This directory contains the code for running a Wide and Deep model. It also runs in Cloud ML Engine. This code has been tested on Python 2.7 but should also run on Python 3.5
Follow along the codelab here: http://bit.ly/widendeep-slides
Wide and deep jointly trains wide linear models and deep neural networks -- to combine the benefits of memorization and generalization for recommender systems. See the research paper for more details. The code is based on the TensorFlow wide and deep tutorial.
We will use the Kaggle Criteo Dataset to predict the probability that an ad is clicked.
The dataset is downloaded as part of the script (and in the cloud directly uses the copy stored online).
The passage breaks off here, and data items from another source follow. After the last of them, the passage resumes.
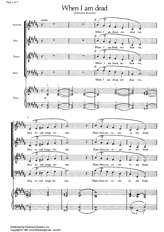 Digital Sheet Music for When I Am Dead by Antony Saunders, Malcolm Williamson scored for Choir/Piano; id:333589
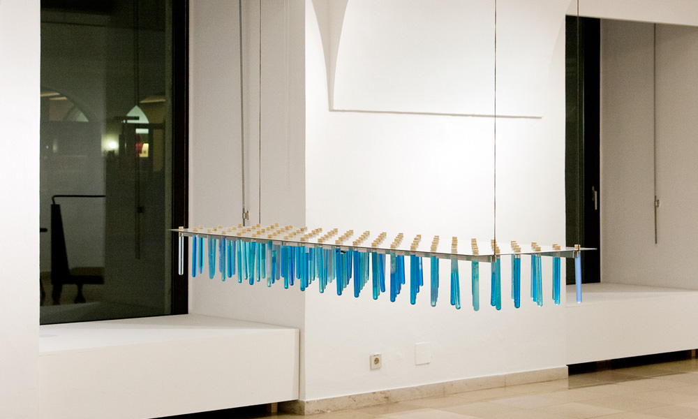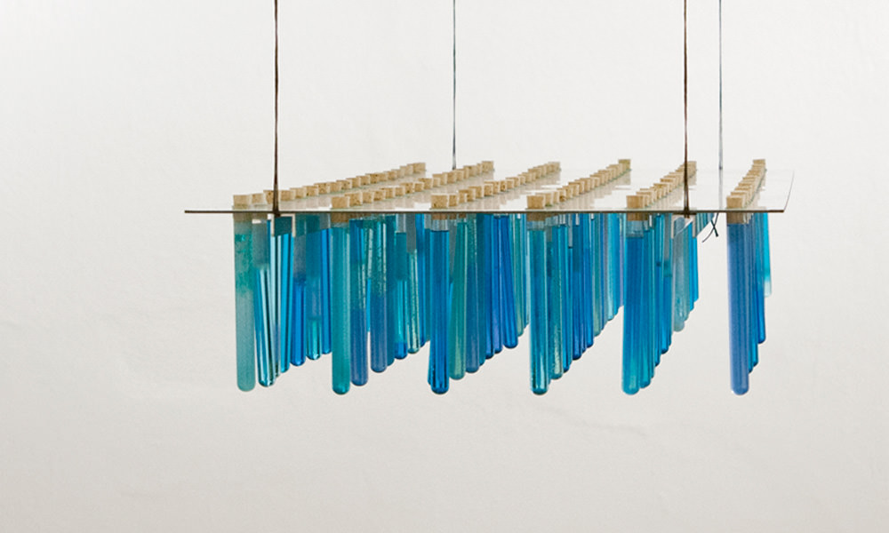 Das Labor als Feld aller Experimente steht diesmal im Dienste der Alltagsforschung. Alle blauen allgemein verfügbaren Haushaltsreinigungsmittel werden vermischt. Denn es geht um die Mischung. Und diese Mischung spricht auch über ihren unverwechselbaren chemischen Ausdünstungen. Eine Duftwolke in der Clusterwolke.
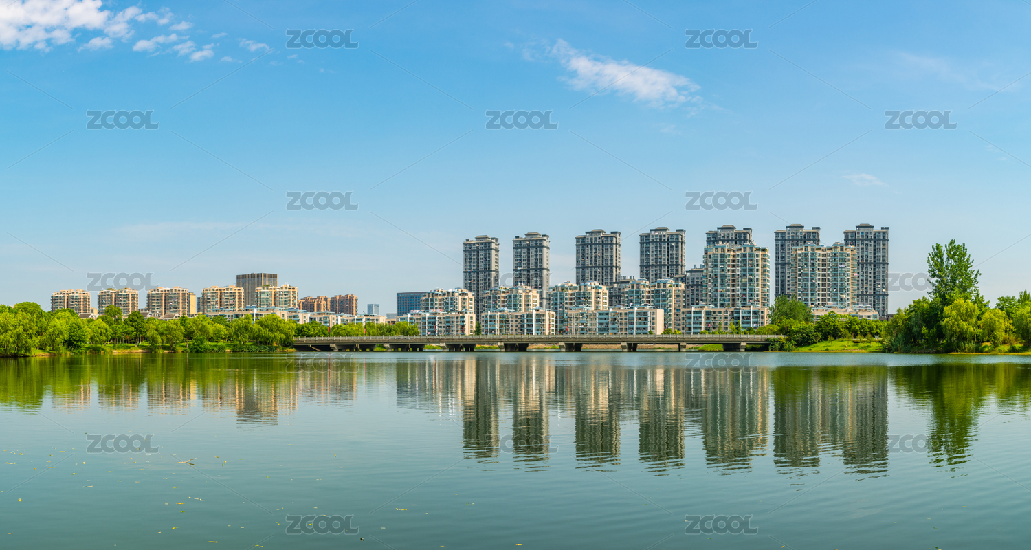 中国四川省成都市锦城湖公园周边的建筑风光
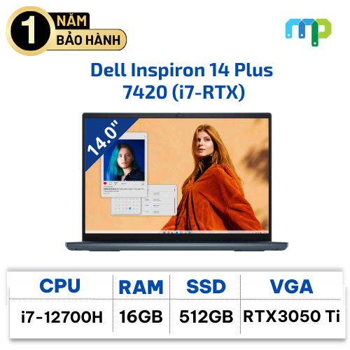 Dell Inspiron 14 Plus 7420 là chiếc laptop dành cho những người dùng chuyên nghiệp cần một thiết bị mạnh mẽ, di động và thời trang. Được trang bị bộ vi xử lý Intel Core i7 thế hệ thứ 12 mới nhất, RAM 16GB, ổ cứng SSD 512GB và card đồ họa NVIDIA GeForce RTX 3050, Inspiron 14 Plus 7420 dễ dàng đáp ứng mọi nhu cầu công việc và giải trí của bạn, từ xử lý văn bản, bảng tính, lập trình đến chỉnh sửa ảnh, video và chơi game AAA.
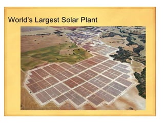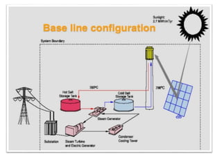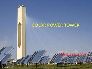 Solar power towers use an array of mirrors called heliostats to focus sunlight onto a central receiver at the top of a tower. This concentrated sunlight is used to heat a fluid or molten salt that can store the thermal energy. There are two main types of solar towers - steam based systems that use water as the heat transfer fluid, and molten salt based systems that use a molten salt mixture. Solar towers have the advantages of being renewable, environmentally friendly sources of energy generation, but they also require large amounts of land and water and have the disadvantage of only producing energy when the sun is shining.
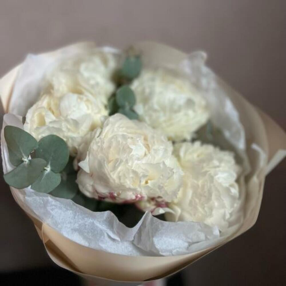Букет из 5 белых пионов и эвкалипта

If you wish to download a copy, the data are located here:
- gs://dataset-uploader/criteo-kaggle/small_version -- 2.5MB, 10K rows
- gs://dataset-uploader/criteo-kaggle/medium_version -- 273MB, 1M rows
- gs://dataset-uploader/criteo-kaggle/large_version -- 2.7GB, 10M rows
Each folder contains 2 files: train.csv and eval.csv
The command line tool gsutil is part of the Google Cloud SDK, and comes with gcloud. No gsutil but still want to download? Replace "gs://" with 'https://storage.googleapis.com/', for example: https://storage.googleapis.com/dataset-uploader/criteo-kaggle/small_version/train.csv
This repo presents 3 methods of running the model: locally, on a jupyter notebook, and on Google Cloud ML Engine.
The commands below assume you are in this directory (wide_n_deep).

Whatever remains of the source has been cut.